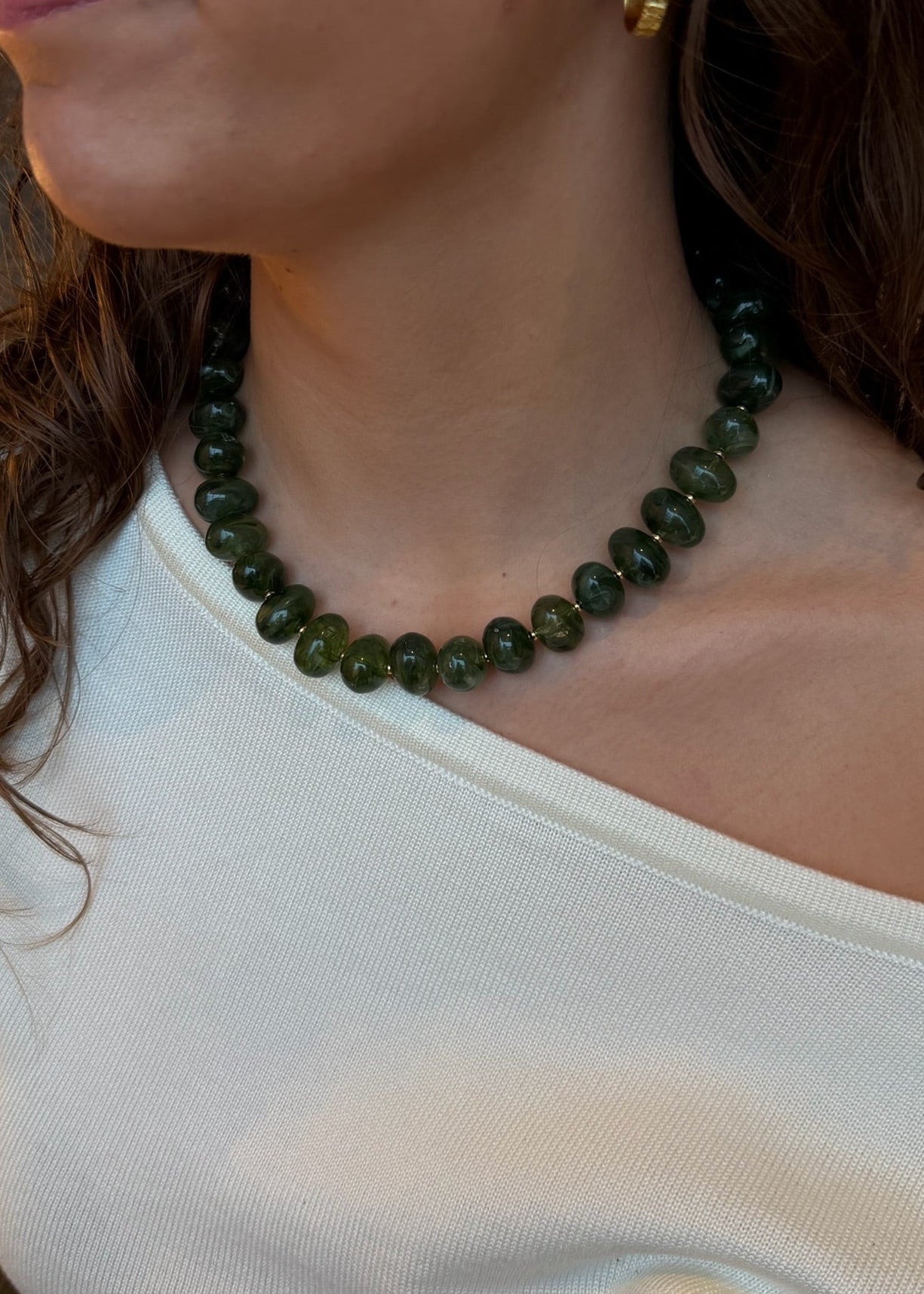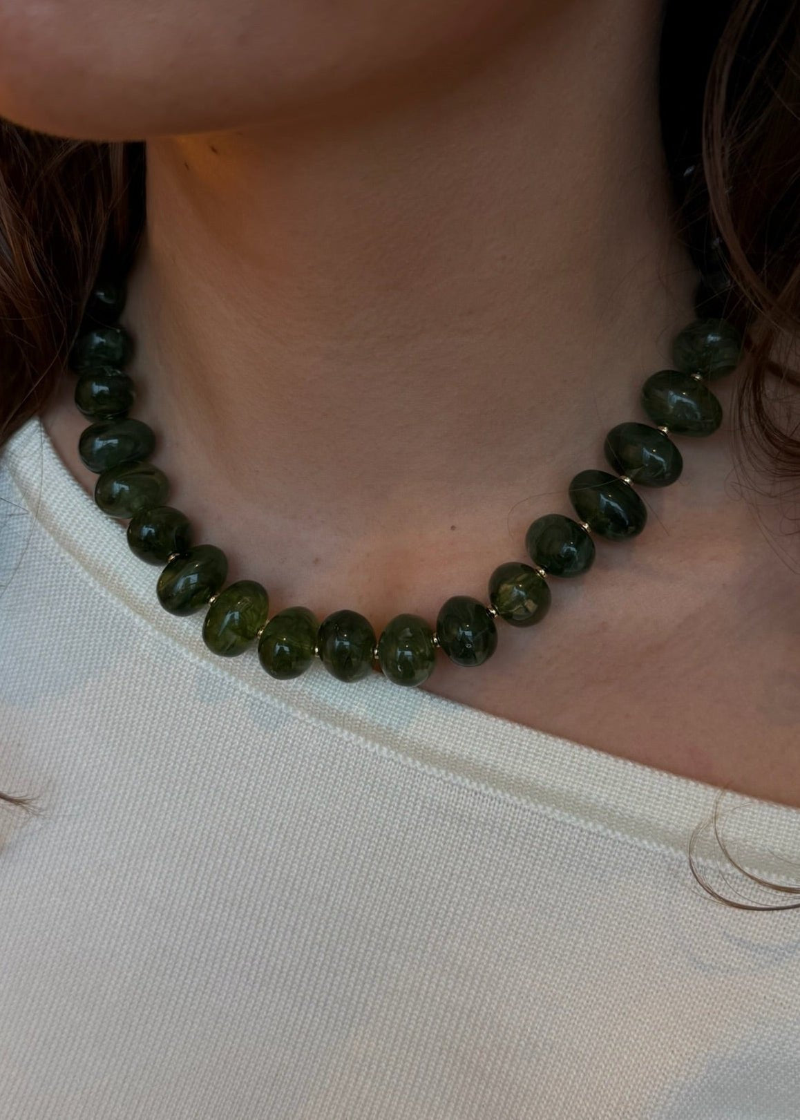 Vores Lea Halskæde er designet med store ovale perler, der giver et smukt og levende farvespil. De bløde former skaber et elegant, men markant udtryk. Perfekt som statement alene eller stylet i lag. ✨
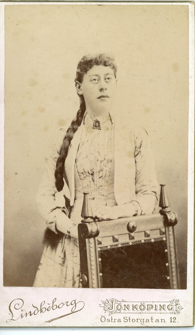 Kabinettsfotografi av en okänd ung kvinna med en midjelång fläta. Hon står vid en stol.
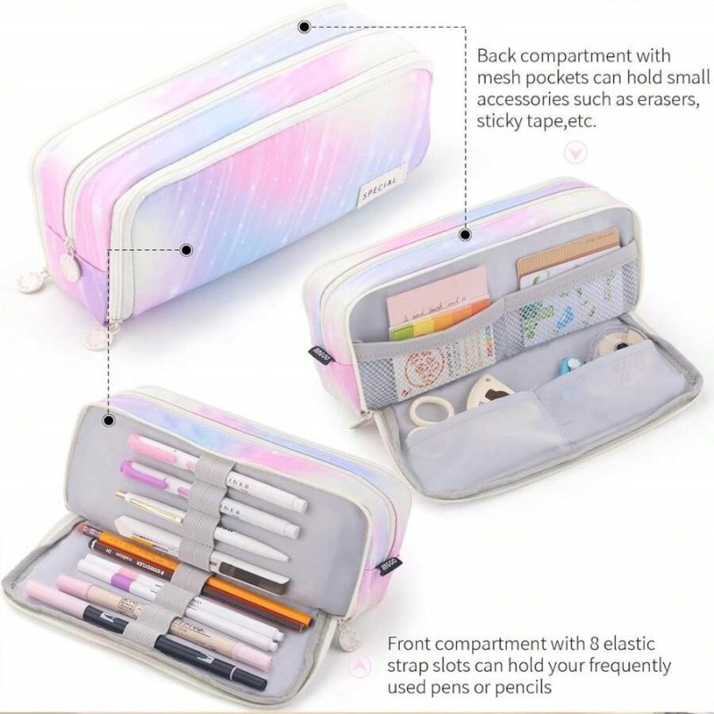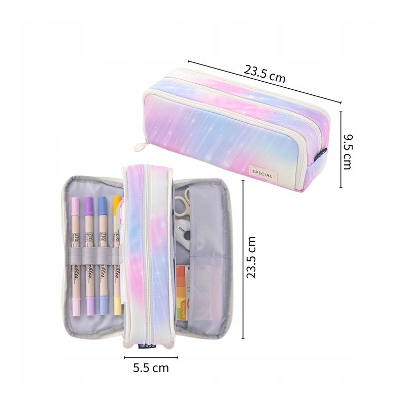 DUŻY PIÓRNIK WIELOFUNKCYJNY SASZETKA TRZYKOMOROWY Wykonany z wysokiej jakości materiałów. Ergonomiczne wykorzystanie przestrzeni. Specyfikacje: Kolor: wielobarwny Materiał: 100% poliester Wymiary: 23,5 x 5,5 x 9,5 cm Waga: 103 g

---

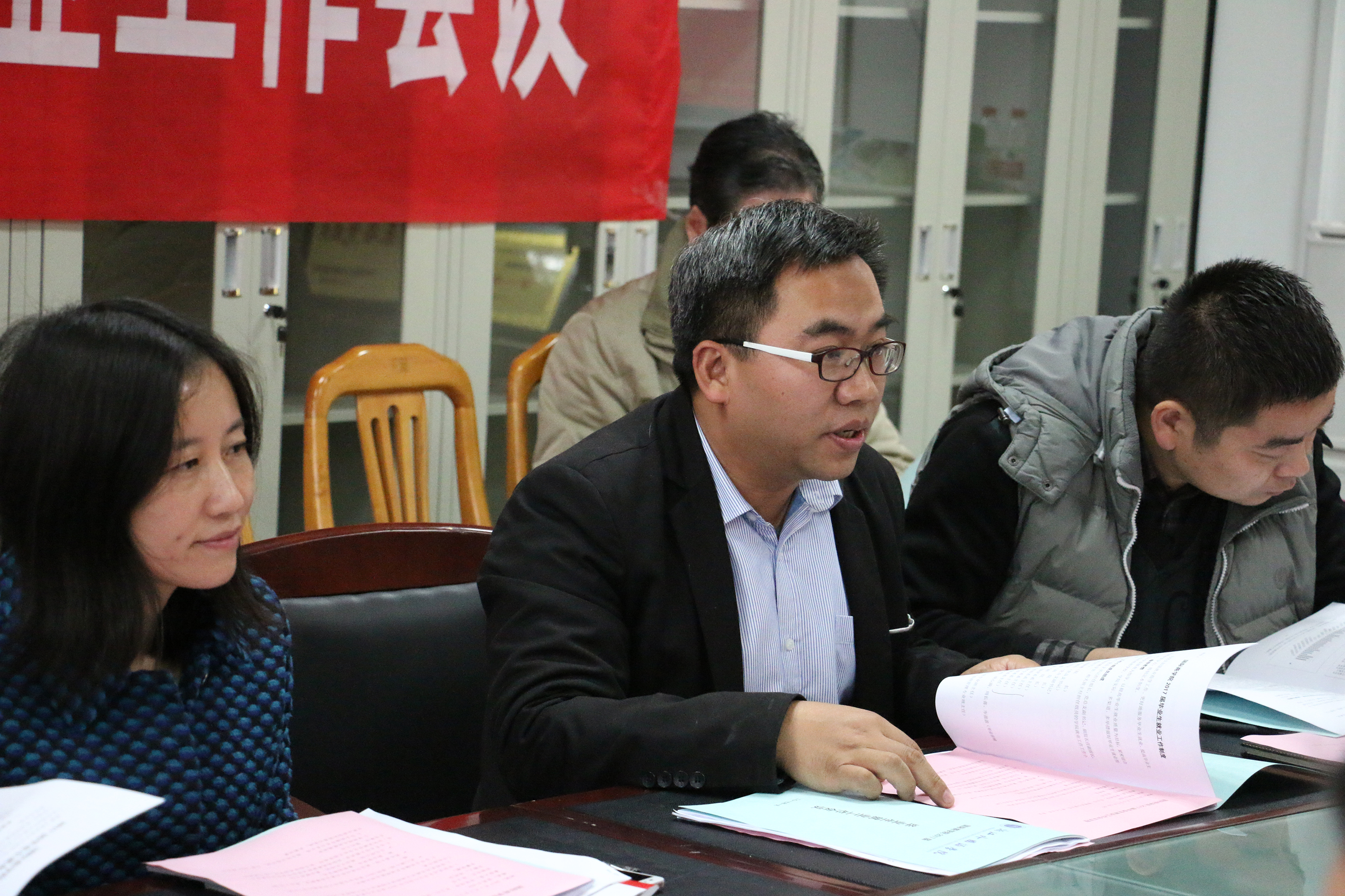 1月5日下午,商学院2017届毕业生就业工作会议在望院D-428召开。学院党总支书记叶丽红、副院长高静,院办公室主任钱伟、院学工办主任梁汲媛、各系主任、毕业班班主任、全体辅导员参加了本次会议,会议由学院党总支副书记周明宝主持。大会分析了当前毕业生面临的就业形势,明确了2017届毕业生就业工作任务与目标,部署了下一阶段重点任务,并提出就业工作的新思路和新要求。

---

#### The task:
The material above holds pictures; leave them out. Repeat exactly the lines from the one containing "Kabinettsfotografi av en" through the one containing "DUŻY PIÓRNIK WIELOFUNKCYJNY", and nothing else.

#### Exercise answer:
 Kabinettsfotografi av en okänd ung kvinna med en midjelång fläta. Hon står vid en stol.
 DUŻY PIÓRNIK WIELOFUNKCYJNY SASZETKA TRZYKOMOROWY Wykonany z wysokiej jakości materiałów. Ergonomiczne wykorzystanie przestrzeni. Specyfikacje: Kolor: wielobarwny Materiał: 100% poliester Wymiary: 23,5 x 5,5 x 9,5 cm Waga: 103 g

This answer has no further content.